Records for this task section start

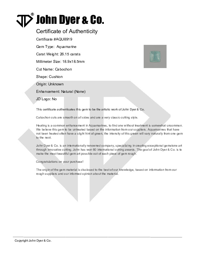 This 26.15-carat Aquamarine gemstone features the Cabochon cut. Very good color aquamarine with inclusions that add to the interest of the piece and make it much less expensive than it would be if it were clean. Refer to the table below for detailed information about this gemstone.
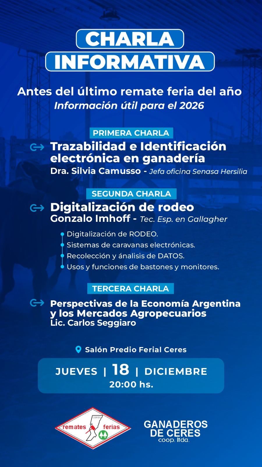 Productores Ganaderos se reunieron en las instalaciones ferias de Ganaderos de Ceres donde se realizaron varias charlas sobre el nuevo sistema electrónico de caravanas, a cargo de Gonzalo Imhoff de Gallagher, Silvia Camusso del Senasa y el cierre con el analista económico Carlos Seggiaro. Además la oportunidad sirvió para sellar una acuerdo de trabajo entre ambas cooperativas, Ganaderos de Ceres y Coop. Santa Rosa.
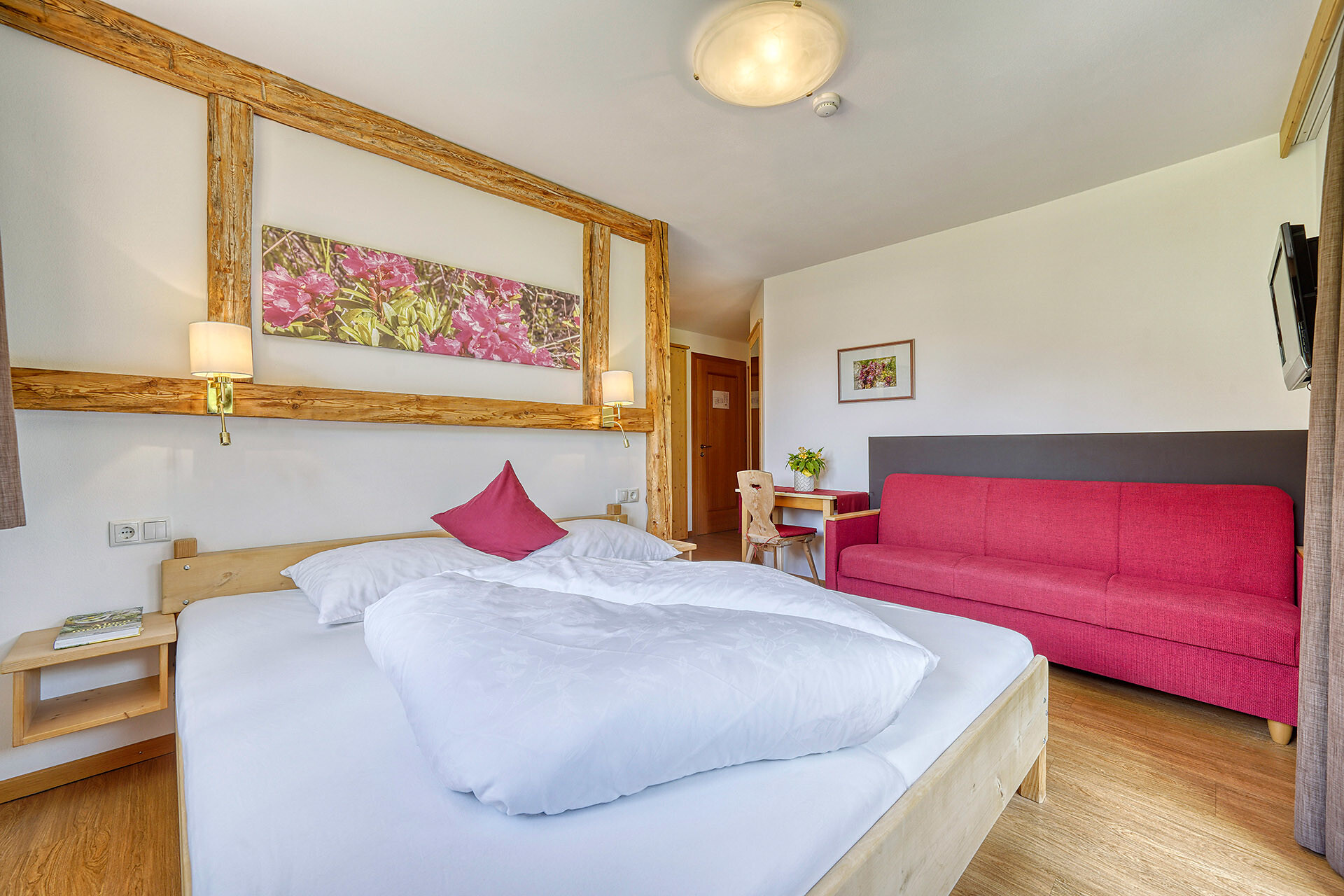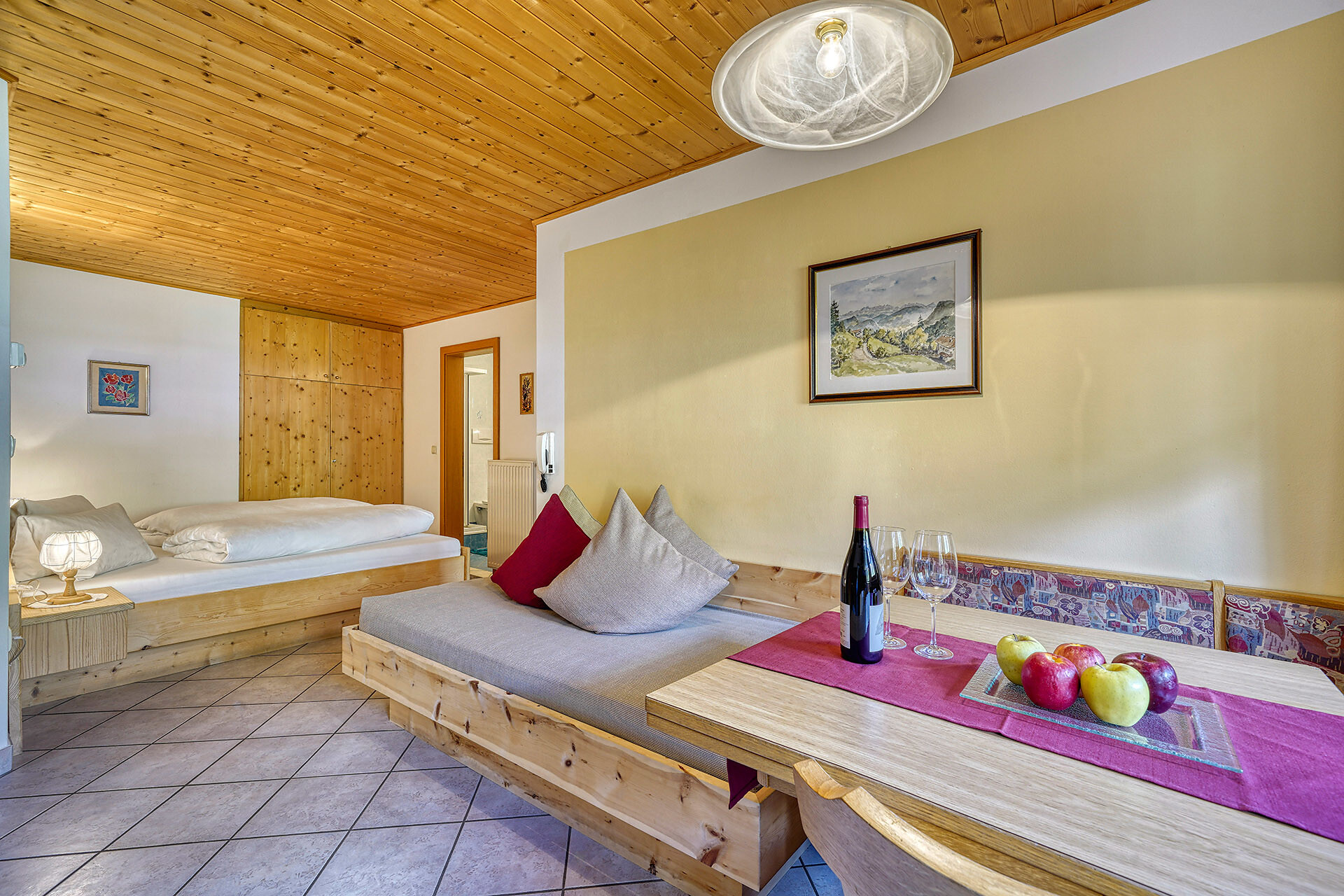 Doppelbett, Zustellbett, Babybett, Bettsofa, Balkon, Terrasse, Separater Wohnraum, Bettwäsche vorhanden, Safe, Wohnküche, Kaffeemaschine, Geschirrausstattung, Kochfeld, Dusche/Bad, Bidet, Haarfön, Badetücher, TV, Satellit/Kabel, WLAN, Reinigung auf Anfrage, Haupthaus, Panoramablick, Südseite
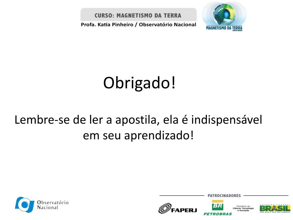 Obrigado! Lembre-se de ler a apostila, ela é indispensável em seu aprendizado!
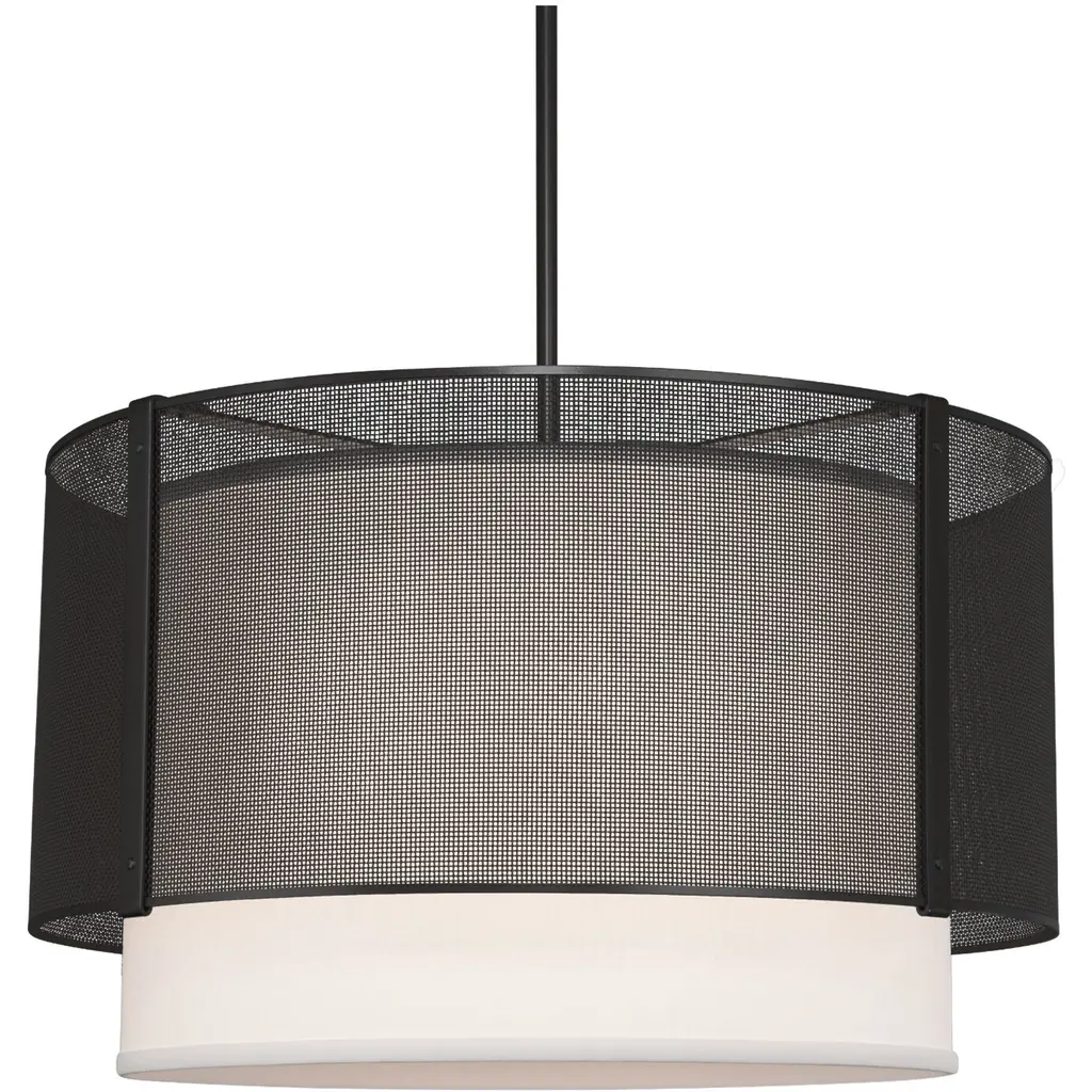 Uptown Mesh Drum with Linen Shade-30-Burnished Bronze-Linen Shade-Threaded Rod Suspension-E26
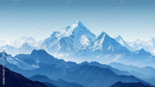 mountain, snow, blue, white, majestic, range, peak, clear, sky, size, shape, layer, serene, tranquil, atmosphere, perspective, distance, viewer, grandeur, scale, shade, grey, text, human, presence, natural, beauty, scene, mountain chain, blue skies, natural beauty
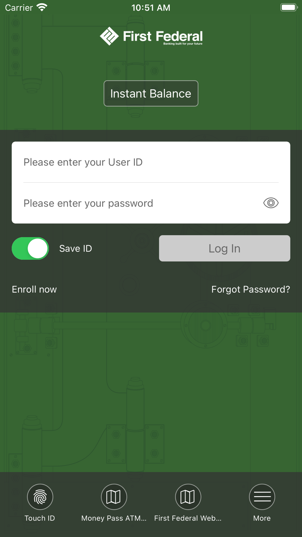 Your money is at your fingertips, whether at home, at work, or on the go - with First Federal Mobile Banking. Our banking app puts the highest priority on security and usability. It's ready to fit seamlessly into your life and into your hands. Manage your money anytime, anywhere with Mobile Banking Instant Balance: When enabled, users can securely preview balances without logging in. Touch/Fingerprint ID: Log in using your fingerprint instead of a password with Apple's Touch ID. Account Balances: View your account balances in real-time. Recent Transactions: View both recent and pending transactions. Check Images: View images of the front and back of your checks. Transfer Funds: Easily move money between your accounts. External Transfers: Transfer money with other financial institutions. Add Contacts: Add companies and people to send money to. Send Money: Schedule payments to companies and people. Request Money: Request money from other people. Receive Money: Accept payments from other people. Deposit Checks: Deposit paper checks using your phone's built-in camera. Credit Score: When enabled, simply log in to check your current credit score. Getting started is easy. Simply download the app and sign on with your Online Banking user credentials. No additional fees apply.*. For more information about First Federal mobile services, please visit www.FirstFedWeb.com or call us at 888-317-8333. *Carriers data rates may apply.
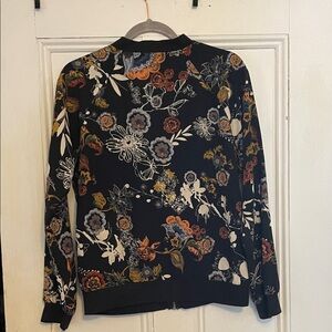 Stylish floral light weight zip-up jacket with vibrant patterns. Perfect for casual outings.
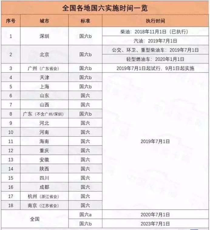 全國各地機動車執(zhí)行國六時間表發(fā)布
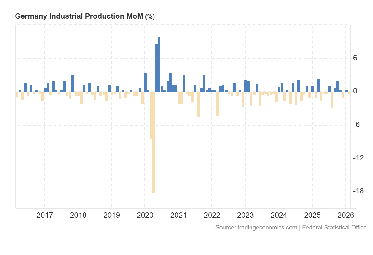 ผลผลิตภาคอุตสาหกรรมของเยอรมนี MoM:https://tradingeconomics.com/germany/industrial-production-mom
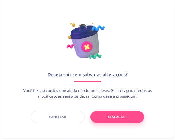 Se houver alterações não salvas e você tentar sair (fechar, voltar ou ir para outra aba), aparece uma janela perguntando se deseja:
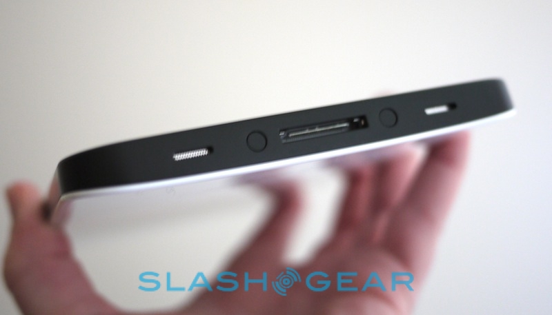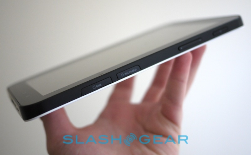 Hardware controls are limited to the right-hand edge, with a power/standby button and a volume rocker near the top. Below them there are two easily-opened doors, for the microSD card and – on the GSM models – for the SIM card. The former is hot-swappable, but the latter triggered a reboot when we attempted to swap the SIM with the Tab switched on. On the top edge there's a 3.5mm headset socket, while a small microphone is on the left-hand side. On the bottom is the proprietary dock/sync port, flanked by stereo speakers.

Records for this task section end

_Work instruction_
Once the line containing "全國各地機動車執(zhí)行國六時間表發(fā)布" is found, it and every line through the end of the records above should be output exactly, with no pictures.

_Solution for this task_
 全國各地機動車執(zhí)行國六時間表發(fā)布
 ผลผลิตภาคอุตสาหกรรมของเยอรมนี MoM:https://tradingeconomics.com/germany/industrial-production-mom
 Se houver alterações não salvas e você tentar sair (fechar, voltar ou ir para outra aba), aparece uma janela perguntando se deseja:
 Hardware controls are limited to the right-hand edge, with a power/standby button and a volume rocker near the top. Below them there are two easily-opened doors, for the microSD card and – on the GSM models – for the SIM card. The former is hot-swappable, but the latter triggered a reboot when we attempted to swap the SIM with the Tab switched on. On the top edge there's a 3.5mm headset socket, while a small microphone is on the left-hand side. On the bottom is the proprietary dock/sync port, flanked by stereo speakers.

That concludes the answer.